- San Dionisio Location in Nicaragua
- Coordinates: 12°45′N 85°51′W﻿ / ﻿12.750°N 85.850°W
- Country: Nicaragua
- Department: Matagalpa

Area
- • Municipality: 166 km^{2} (64 sq mi)

Population (2005)
- • Municipality: 17,742
- • Density: 110/km^{2} (280/sq mi)
- • Urban: 2,576
- Climate: Aw

= San Dionisio, Nicaragua =

San Dionisio is a small municipality in the Matagalpa department of Nicaragua.

Originally named Espino Blanco, the town was renamed San Dionisio in honor of Dionisio de Herrera, former President of Nicaragua. This small town is 90 mi away from Managua, the capital of Nicaragua, and 30 mi away from Matagalpa city, the capital of the Matagalpa Department.

==Population==
People from this town are informally known as "nichanos". San Dionisio is dominated by mestizos, but there are significant native populations in two sections of the municipality, wibuse and Portillo del Jicaro.

==Comarcas==
The municipality is divided into the comarcas (villages): El Corozo, El Carrizal, Las Cuchillas, El Ocote, Monte Verde, Piedra Larga, Los Limones, Wibuse, El Tempisque, and El Portillo del Jicaro.

==Economy and services==
Production is mainly devoted to coffee beans, beans, corn, livestock, and vegetables.
Education is available through the secondary level. There is currently a medical center, and a hospital too.

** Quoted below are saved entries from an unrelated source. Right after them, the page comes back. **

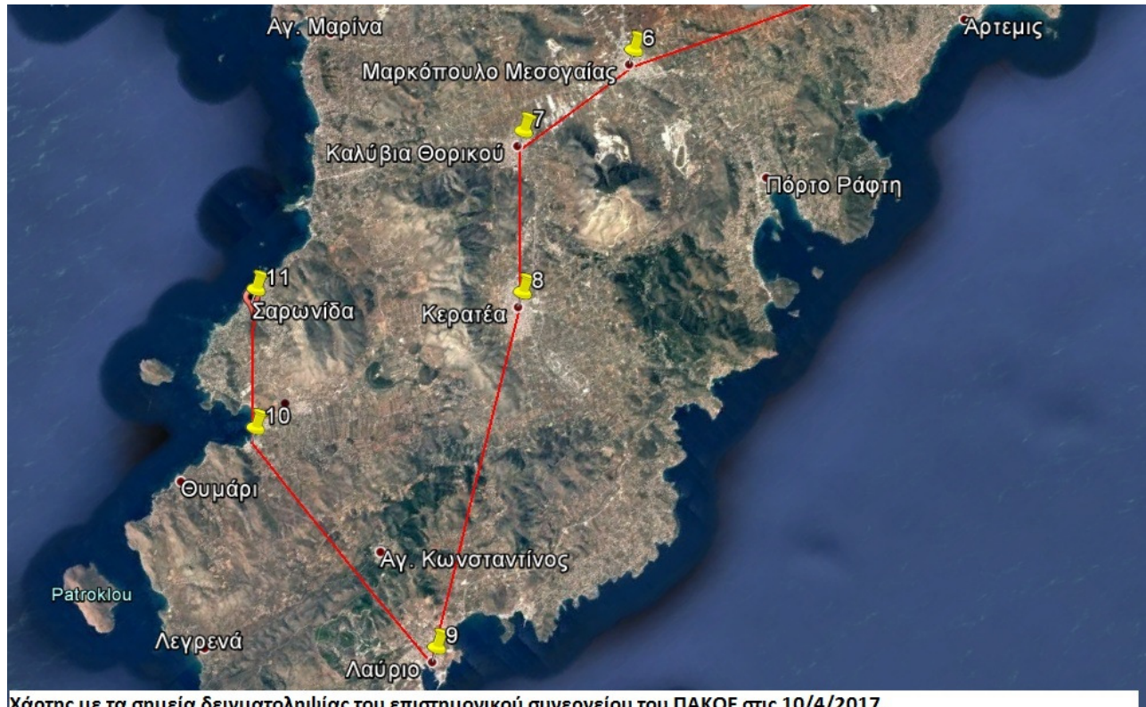
Χάρτης με τα σημεία δειγματοληψίας του επιστημονικού συνεργείου του ΠΑΚΟΕ στις 10/4/2017.

Members of: United Nations Environment PROGRAM - ECOROPA - IUCN – IFOAM
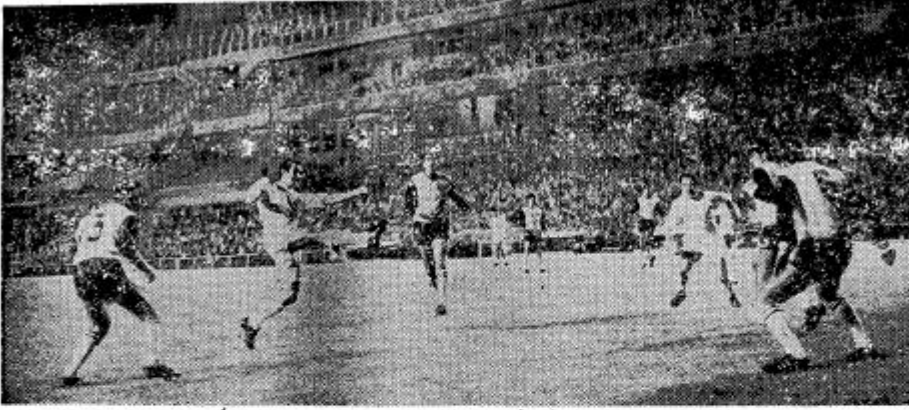
PIRRI MARCA EL QUINTO GOL. —Frente a la meta chipriota, Pirri chuta violentamente y la defensa del Limassol queda virtualmente «congelada». El balón proseguirá su camino hacia el fondo de la malla, decretando la quinta caída del equipo visitante. El Real Madrid estuvo abrumador.
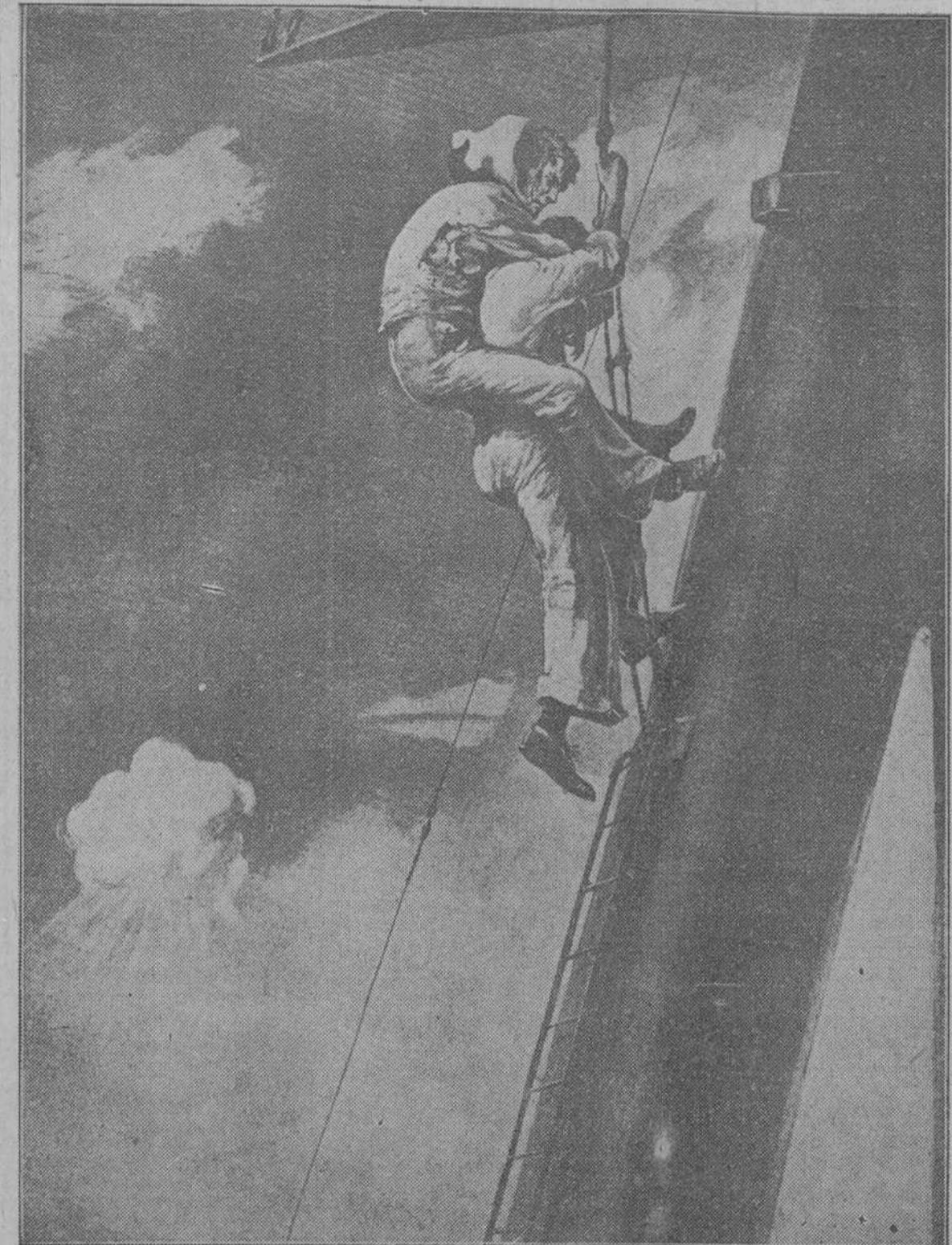
(Dibujo de Leblanc)
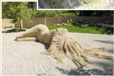
JARDIN DE LA BELLE ENDORMIE
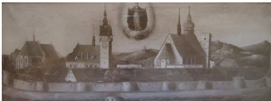
Obr. č.6–veduta města Uničova z roku 1750

The Rio Calico runs through the town from north-west to south-east. The Matagalpa River is in the south-east.
Buses runs all day from Matagalpa and Esquipulas.

==Sports==
Baseball is the major sport. There are many baseball players from this town playing for the Nicaragua team or major Nicaraguan baseball league.

==Religion==
The town is predominantly Catholic, but evangelical churches are springing up everywhere. There is a Catholic festivity on October 9 to honor Pope Dionysius (San Dionisio).

Like many small towns in Nicaragua, the residents do not receive much support from central government, only getting attention during Political campaigns. For this reason, change is slow.